# best youtube downloader for googlechrome



## andy_65_in (Apr 1, 2014)

please advice and suggest.thanks


----------



## SaiyanGoku (Apr 1, 2014)

i use YTD for youtube and IDM/FDM for other video streaming sites.


----------



## snap (Apr 1, 2014)

this plugin has many features YouTube Center for Greasemonkey


----------



## andy_65_in (Apr 3, 2014)

YTD -i hope it doesnt come with annoying toolbars which automatically download and change your search engine


----------



## SaiyanGoku (Apr 4, 2014)

you can disable such toolbar installations or better use a portable full version of YTD (like I do)


----------



## andy_65_in (Apr 4, 2014)

SaiyanGoku said:


> you can disable such toolbar installations or better use a portable full version of YTD (like I do)


-where do i get this portable version from-website etc and whats it called


----------



## SaiyanGoku (Apr 4, 2014)

andy_65_in said:


> -where do i get this portable version from-website etc and whats it called



Google is your friend

official site: www.youtubedownloadersite.com/


----------



## andy_65_in (Apr 6, 2014)

ok.downloaded YTD.DIDNT work- no downloading.what next


----------



## SaiyanGoku (Apr 6, 2014)

its working for me. try adding it in firewall exceptions list.


----------



## gameranand (Apr 8, 2014)

First of all let me answer your prime question.
There is no Youtube Downloader extension which works with Google Chrome.
For downloading Youtube through Google chrome only, you can use Internet Download Manager. You can also use other Third Party softwares for downloading the youtube videos  which are plenty, and many users have already suggested you many.


----------



## SaiyanGoku (Apr 8, 2014)

^ idm is having problems while capturing videos from youtube. its because they changed the way they stream videos.


----------



## dashing.sujay (Apr 9, 2014)

Even keepvid.com is continuously failing for me (video with no audio).

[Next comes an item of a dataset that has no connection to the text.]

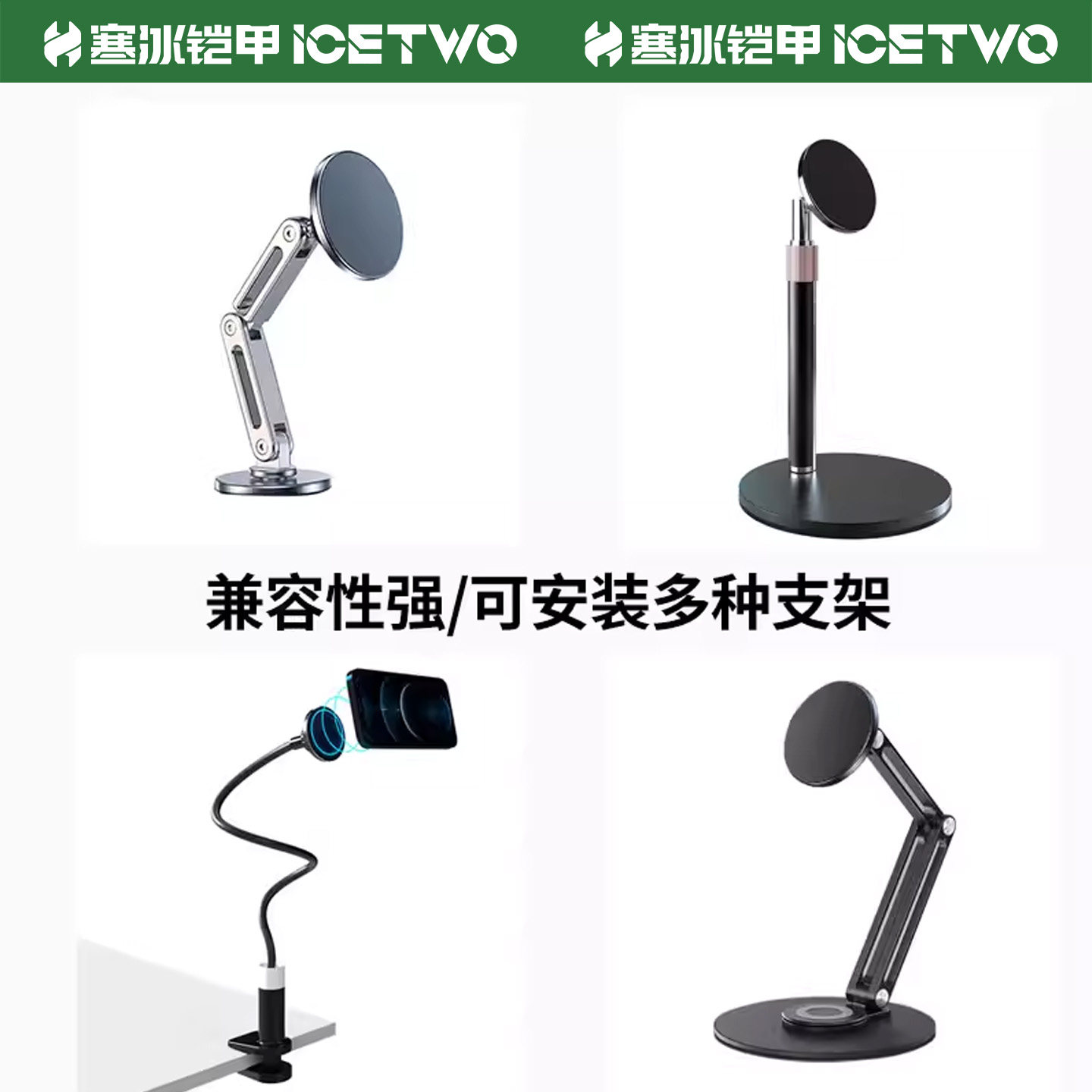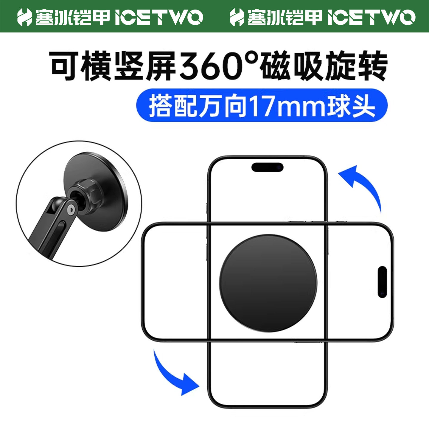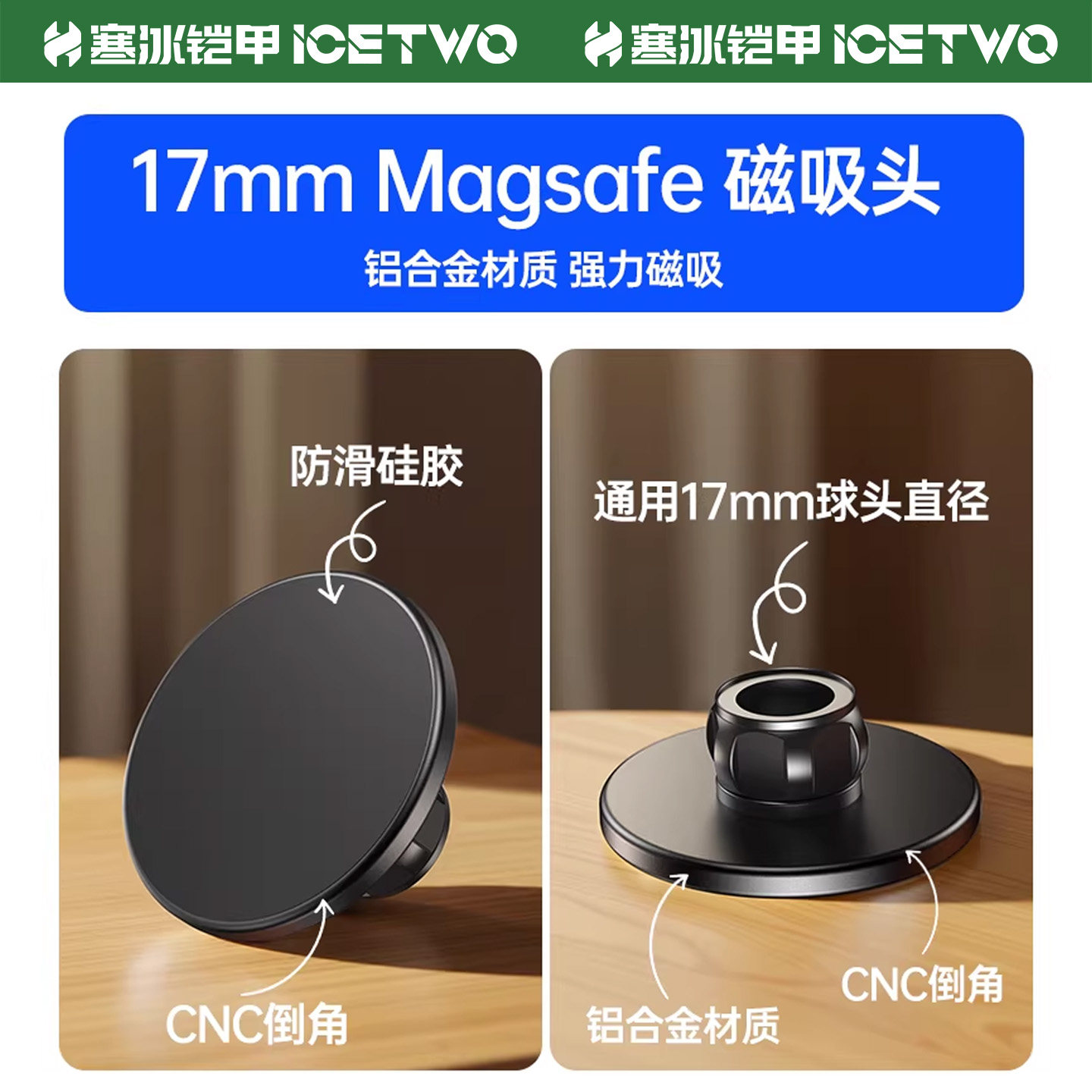 寒冰铠甲 磁吸头magsafe支架17mm球头底座万向头通用铝合金属车载手机配件强磁磁铁粘贴中控仪表台桌面改装
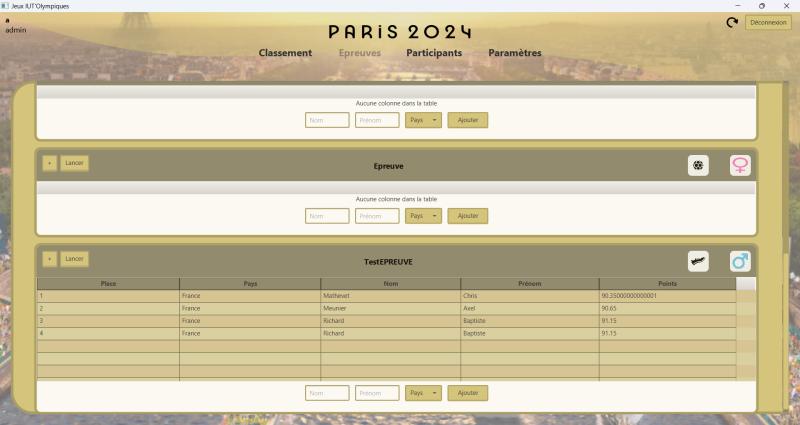 Un administrateur qui pourra entrer et modifier les différents barèmes, équipes et athlètes.

So I've started using catchvideo.net, and it does the work.


----------



## SaiyanGoku (Apr 9, 2014)

for some unknown reasons, keepvid never worked for me.


----------



## whitestar_999 (Apr 9, 2014)

jdownloader,download it once & never worry about anything else again.very good update frequency & huge no. of supported sites.


----------



## rijinpk1 (Apr 9, 2014)

SaiyanGoku said:


> ^ idm is having problems while capturing videos from youtube. its because they changed the way they stream videos.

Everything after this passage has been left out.